The Elo rating system is simple but accurate enough for use by sporting federations besides chess. In chess, 1000 is a typical rating for a novice player, 1600 means a good club player, 2200 is the threshold for “master,” and 2800 is world championship standard. A player’s rating measures skill in a way that the difference to the opponent’s rating yields probabilities by which to predict the outcomes of games between them. Elo is the main prediction engine of FiveThirtyEight for basketball, baseball, and football (but not soccer).

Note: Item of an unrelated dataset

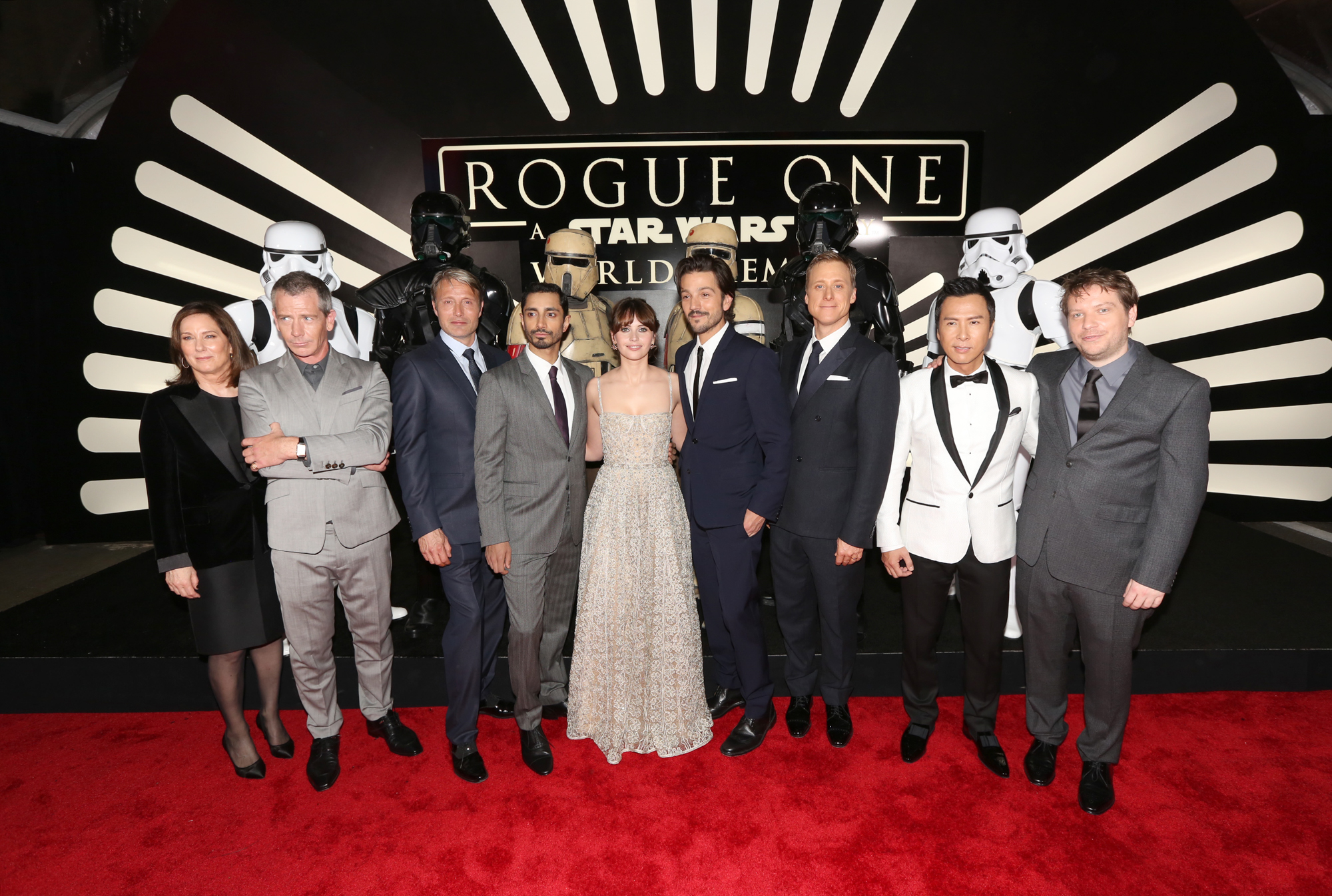 HOLLYWOOD, CA – DECEMBER 10: (L-R front row) Actors Mads Mikkelsen, Riz Ahmed, Felicity Jones, Diego Luna and Alan Tudyk (back row) Director Gareth Edwards, Chairman, The Walt Disney Studios, Alan Horn, Producer Kathleen Kennedy, Actor Ben Mendelsohn and Executive producer Jason McGatlin attend The World Premiere of Lucasfilm’s highly anticipated, first-ever, standalone Star Wars adventure, “Rogue One: A Star Wars Story” at the Pantages Theatre on December 10, 2016 in Hollywood, California. (Photo by Rich Polk/Getty Images for Disney) *** Local Caption *** Mads Mikkelsen; Riz Ahmed; Felicity Jones; Diego Luna; Alan Tudyk; Gareth Edwards; Alan Horn; Kathleen Kennedy; Ben mendelsohn; Jason McGatlin

Although the prediction formula uses only differences, so that an additive shift in all ratings would not affect the chances, I have shown that the ratings administered by the International Chess Federation (FIDE) have stayed stable in absolute regard to the objective quality of moves played as measured by my own predictive model, via my Intrinsic Performance Ratings (IPRs) geared to the FIDE rating scale. Having stable numbers is vital not only to my cheating tests but to the public understanding of the system on the whole. This goes for FIDE, for Internet gaming federations, and even for the use of Elo by Tinder.

Thus it is all the more sad for me to see things like this happen not only to FIDE’s Elo ratings but also those of the US Chess Federation (USCF), who adopted Arpad Elo’s formulas in the 1950s:



This is the FIDE Rating Progress Chart of Annie Wang, who just won the US Junior Women’s Championship played in-person at the Saint Louis Chess Club last week. Her FIDE rating has been stuck at 2384 ever since the April 2020 rating list. One glance at the chart suffices to project her rating into the neighborhood of 2500 by now. Her USCF rating is closer at 2457, but this is offset by a long-known inflation of USCF ratings relative to FIDE, measured about 75 points at that level in May 2020. Wang’s USCF rating has been similarly frozen. You can find the same for a plethora of young players down to aspiring kids of single-digit age blasting out of three-digit ratings, as Wang did. They have a flat line like the ones circled in blue, but located where she had a sharp rise (circled in green):


The Need to Adjust

The lag mattered immediately for me as I gave daily statistical reports to the tournament’s chief arbiter last week. Using Wang’s official rating would have underestimated her true strength and biased my reports in the direction of false positives. Instead, having developed a formula that I won’t claim is anything more than Fermiestimated, I calculated her effective FIDE rating as 2482, adding almost 100 points. I would have upped her USCF rating to 2543 by the same formula.

Wang was both the highest rated among the ten competitors and the oldest, with a long enough record of international play to have her FIDE K-factor reduced from 40 to 20. My formula adds more points for lower ratings, higher K-factor, and younger age—all reflecting the arc of many improving junior players. My average increase to the women’s ratings was 199.1 points, versus 57.4 to the ten players in the junior men’s/mixed championship, who had mostly higher ratings to begin with.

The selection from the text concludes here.